A parachuting preacher, Micah mused.

“Enough theology, Micah. The ground is coming up quick to say hello, so let’s get prepped.”

After landing they joined the other jumper for a group picture, then walked toward Micah’s car. The Aussie threw his arm around Micah’s shoulder and squeezed hard. “I’m proud of you. You did well . . .”

During the last three words the Australian’s accent faded, and Micah turned to face the man. He was gone. The only thing around his shoulders was a heavy blanket as he sat in his leather chair in front of the Mariners game that played softly on the big-screen TV in his bedroom.

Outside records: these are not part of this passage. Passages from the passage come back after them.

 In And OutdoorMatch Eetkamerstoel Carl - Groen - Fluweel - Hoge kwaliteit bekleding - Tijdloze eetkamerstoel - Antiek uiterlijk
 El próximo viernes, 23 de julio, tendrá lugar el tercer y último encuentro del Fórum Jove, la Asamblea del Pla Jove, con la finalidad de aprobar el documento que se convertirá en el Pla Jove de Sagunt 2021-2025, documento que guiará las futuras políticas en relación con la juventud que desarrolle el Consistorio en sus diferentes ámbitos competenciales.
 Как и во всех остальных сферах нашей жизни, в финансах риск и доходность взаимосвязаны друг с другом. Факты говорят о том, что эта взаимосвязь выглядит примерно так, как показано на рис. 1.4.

He threw the blanket aside and raced back to the little door. It opened on silk hinges. There was no plane, no roar, nothing but a small closet with a cloth wrapped around something rectangular. Pictures wrapped with a rubber band. He gasped at the first one. A group of men stood in front of a plane holding a sign that said: WE FLEW LIKE EAGLES! September 2, 1996. Micah was one of the men.

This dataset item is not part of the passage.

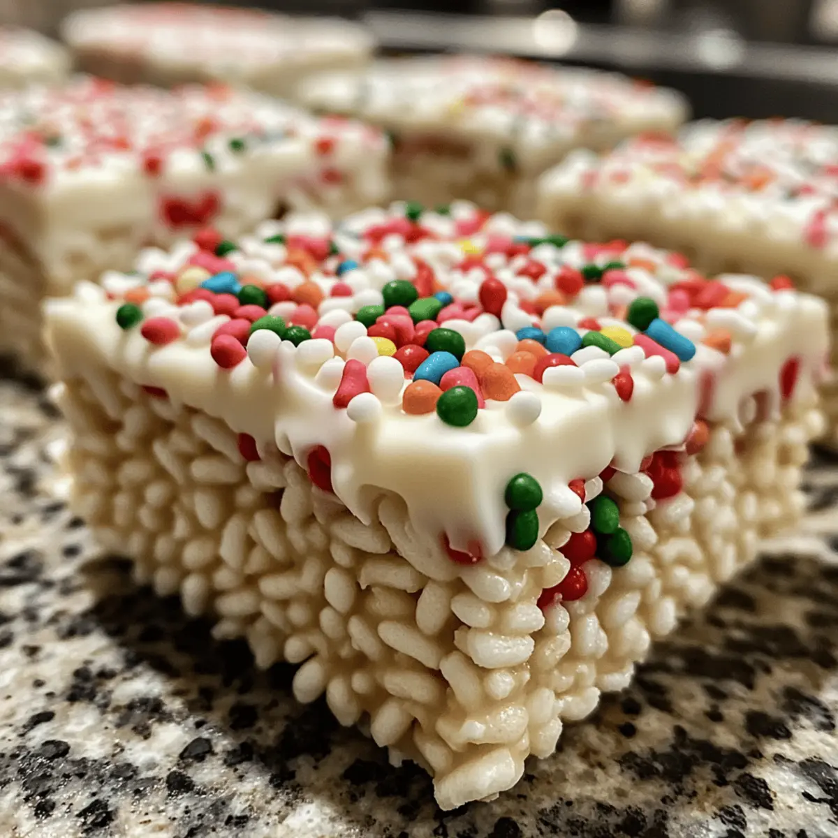 As I rummaged through the pantry on a chilly afternoon, I stumbled upon a box of puffed rice cereal and envisioned a delightful holiday treat that would warm the hearts of my loved ones. These Easy No-Bake White Chocolate Christmas Rice Crispy Treats are a festive dream come true, combining the nostalgic crunch of cereal with the silky sweetness of white chocolate. The best part? They come together in a matter of minutes, making them the perfect last-minute dessert for any holiday gathering. Not only are they incredibly simple to whip up, but their vibrant sprinkles create a show-stopping presentation that will have everyone reaching for seconds. Ready to elevate your holiday festivities with these delightful treats? Let’s dive into the recipe!

He looked down at the T-shirt he had on right then and grabbed a handful. It was the same shirt as the one in the picture. A memory flooded his mind. A few months before his sixteenth birthday his three best friends bought him an early present: a skydiving certificate. But when the day came, his fear of heights emerged victorious and he’d stayed home. He’d always regretted it.

Now, somehow, the house had made the day happen.

This room brought a different kind of healing, a wound of lament healed through the idiotic act of jumping out of an airplane. But it wasn’t idiotic. It was the physical form of a long-buried desire.

It was time for another jump.

He walked into the mahogany-rich den that served as his office in Cannon Beach and called Shannon at home. He asked her to put together a meeting with the board as soon as possible.

Micah was about to jump out of another plane.